Sperm immobilization

Hypo osmotic swelling

Acrosome

In vitro

ABSTRACT

A previous study conducted in our department, showed that 50% ethanolic extract of the roots of Achyranthes aspera possess spermatotoxic effects. Preliminary studies also revealed that the active principle may be a protein. In this study a 58 kDa Achyranthes protein (Ap) was isolated from Achyranthes aspera using standard protocols and their effects on the rat sperm was studied in vitro in comparison with nonoxynol-9 (N-9). The sperm immobilization studies showed that about 150[micro]g of Ap was able to immobilize sperms completely within seconds at a lower concentration than N-9 (250[micro]g).
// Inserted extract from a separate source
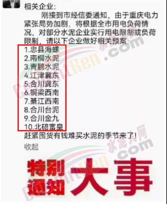 最近一則通知消息,在重慶地區水泥行業里熱傳,水泥銷售紛紛提示客戶趕緊囤貨有錢難買水泥的季節來了。消息稱:剛接到市經信委通知,由于重慶電力緊張局勢加劇,將根據全市用電負荷情況,對部分水泥企業實行用電限制或負荷限制,涉及忠縣海螺、南桐水泥、青鵬水泥、江津冀東、合川冀東、銅梁西南、綦江西南、合川臺泥、合川金九、北碎富皇10家水泥企業。
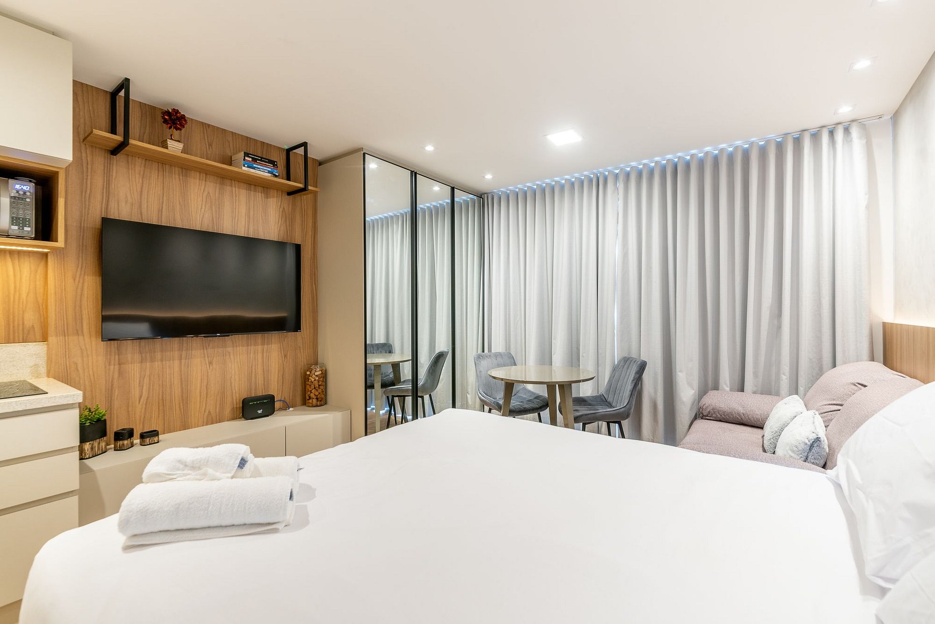 Importante: O apartamento é preparado para receber duas pessoas em cama de casal. Caso os hóspedes prefiram dormir separadamente, será necessário solicitar enxoval extra para o sofá-cama (ou cama auxiliar). Esse serviço pode ter custo adicional e precisa ser combinado antes da reserva.

The sperm revival test revealed that the spermicidal effect was irreversible. There was also a significant reduction in sperm viability and hypo-osmotic swelling in the Ap-treated and N-9 treated groups in comparison to the control. In the Ap and N-9 treated groups the number of acrosome reacted cells were found to be high and it also caused agglutination of the sperms indicating the loss of intactness of the plasma membrane which was further supported by the significant reduction in the activity of membrane bound 5' nucleotidase and acrosin enzyme. Hence this study showed that the protein isolated from the roots of Achyranthes aspera possess spermicidal activity in vitro and can act as a spermicide similar to that of nonoxynold 9. Ap also possessed spermicidal activity against human sperms in vitro.

[c] 2011 Elsevier GmbH. All rights reserved.

Introduction

Achyranthes aspera belongs to the family of Amaranthaceae. The whole plant is used as estrogenic, antibacterial, anti inflammatory and diuretic. There are many reports on the antifertility action of Achyranthes aspera. The ethanolic and chloroform extracts of the roots of Achyranthes aspera possess anti implantational and estrogenic properties (Vasudev and Sharma 2007). Studies using the ethanolic leaf extracts also showed anti androgenic and aborti-ficant property (Workinesh et al. 2007). A composite extract of 50% ethanolic leaf extract of Achyranthes aspera and Stephania her-nandifolia possess contraceptive and spermicidal activity in male rats (Paul et al. 2006). There are hardly any reports on the active component from Achyranthes aspera which possess antifertility effects.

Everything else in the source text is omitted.